I have 2 alternative methods to solve a problem, and I was just wondering what people who know the math better than I think, and if there is a better method to use for this type of problem.
The problem: I have a list of lat/lon positions and a value for the time interval between position updates and wish to find the SOG (Speed Over Ground). However there is some uncertainty in the exact value for each time interval - as the data is retrieved over the internet, even though in a program it would (for example) be set to request an update every 60 seconds. The data comes from an ocean racing yacht simulator, so SOG will also change with varying conditions and also with changes in course (relative to wind).
One approach is to weight new updates proportional to the length of time that interval and multiply into our current best SOG estimate. Something like this (T in seconds):
$$\text{speed} = \text{distance} / \Delta T$$ $$d = 1 - e^{-\Delta T}$$ $$\text{sog} = d * \text{speed} + (1 - d) * \text{sog}$$
And this works ok, especially if the speed is relatively consistent.
Prior to seeing this method, the one I had come up with to estimate SOG is this:
Maintain a list of the $N$ most previous {timestamp, lat, lon} tuples.
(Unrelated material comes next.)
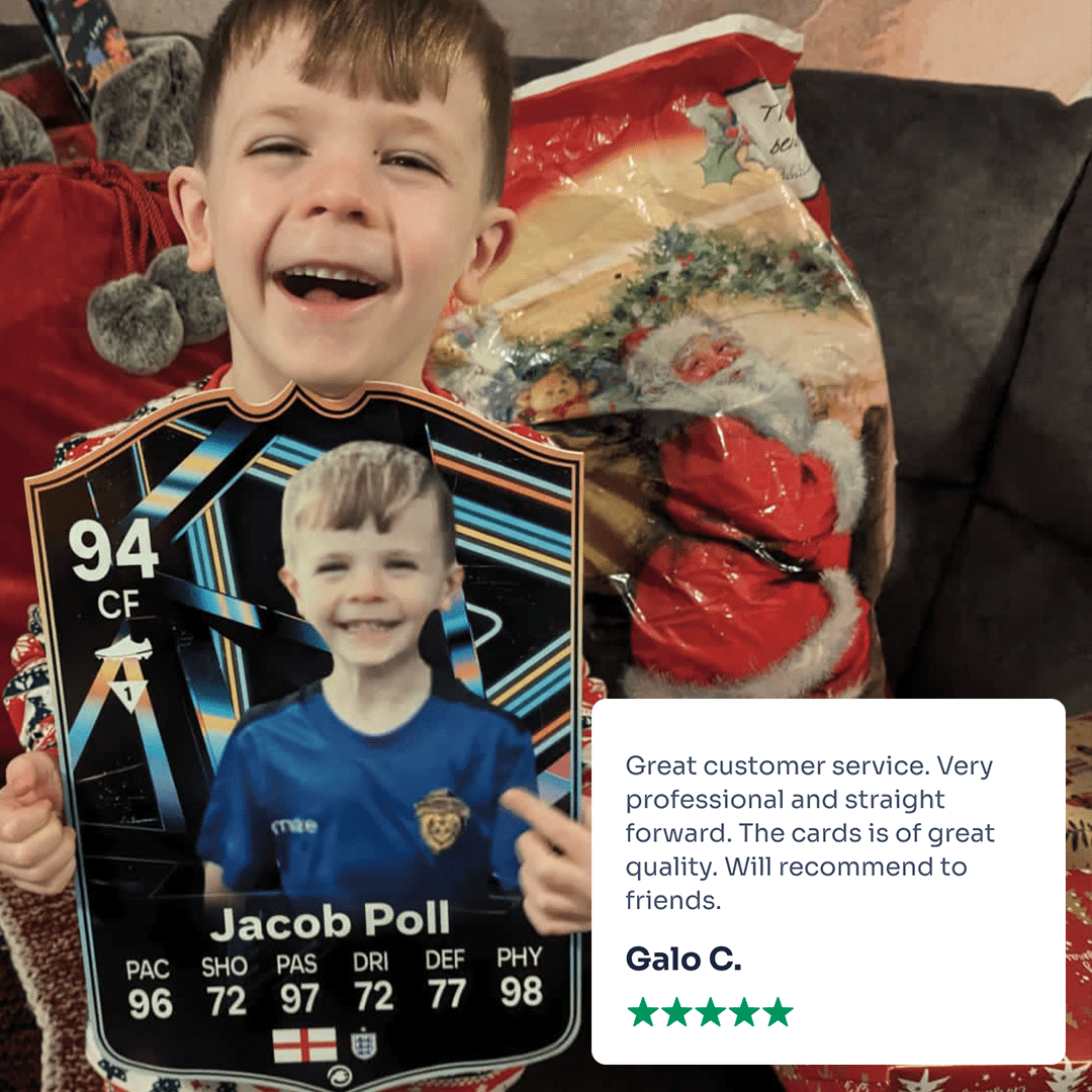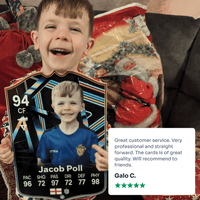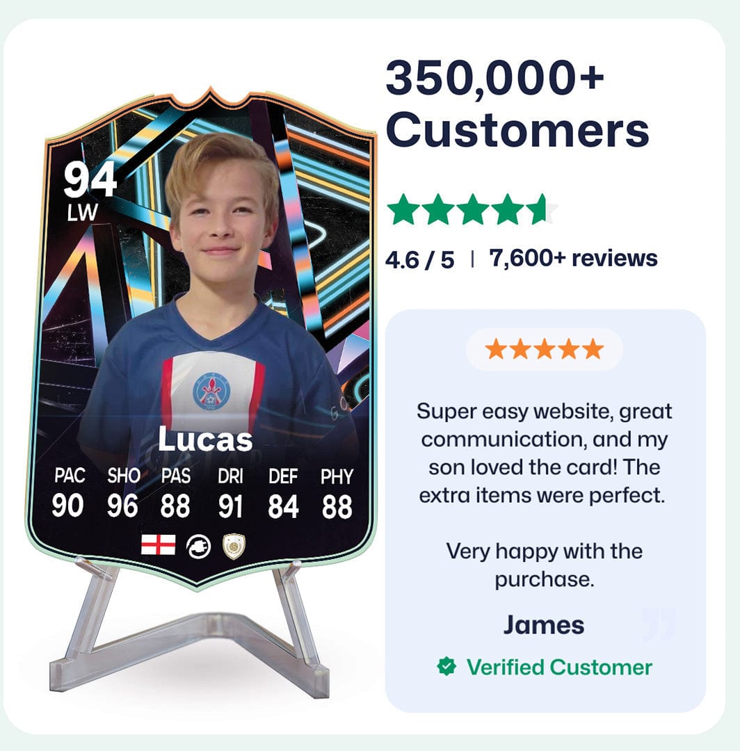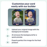 Yes! Our football card designers will remove the background from the photo you upload so it looks just like the football cards you might’ve seen games like EA FC 25, EA FC 24 or FIFA. We’ll also position the photo perfectly on the football card so it looks great. If there are any problems with the quality of your photo, we’ll reach out and let you know. Plus, our website's AI will remove the background on the image for visual purposes before purchase so you can see it without a background on the card.

On each update, compute the harmonic mean of all possible sub intervals from $0, N-1$:
$$ S = N(N+1)/2 $$
$$ \text{sog estimate} = S / \sum_{i=0,j=i+1}^{N-1} \text{time}_{ij} / \text{distance}_{ij} $$
Then keep a list of the $M$ most previous estimates and again take the harmonic mean. $N$ & $M$ should not be too large. And obviously if there are not yet $N$ tuples to sum sub-intervals over, just use however many are available. Since the updates occur each 60 seconds, a value of 10-15 seems appropriate for both $N$ & $M$. One possible improvement I can think of is to weight each sub interval similar to method 1.
This second method seems to be more accurate than the first, although can sometimes take longer to converge on a reasonably accurate estimate - usually approximately N updates are required before it becomes accurate for any practical use.
It also seems to handle changes in 'real' SOG better, ie slight accelerations.
Given that SOG is rarely consistent over say more than 15 or 20 minutes, ie from an increase in wind strength, or change of angle to one with higher/lower boatspeed etc, and also that direction can change (again, with a change in speed), what would be the best algorithm to compute the SOG from uncertain time intervals and change in position. Also, is there a possible way to estimate the error in estimation? Even possibly correct for this error term once computed? I should mention all the data I have available: heading, lattitude and longitude, and I keep a timestamp from the beginning of each update request.
I would like to be able to compute this speed as accurately as possible.
Thanks in advance for any assistance, and forgive my poor use of MathJaX.
Edit: I get Math processing errors from MathJaX that works fine on math.stackexchange? Notice a lot of them in either questions to?? So reposted plain text math.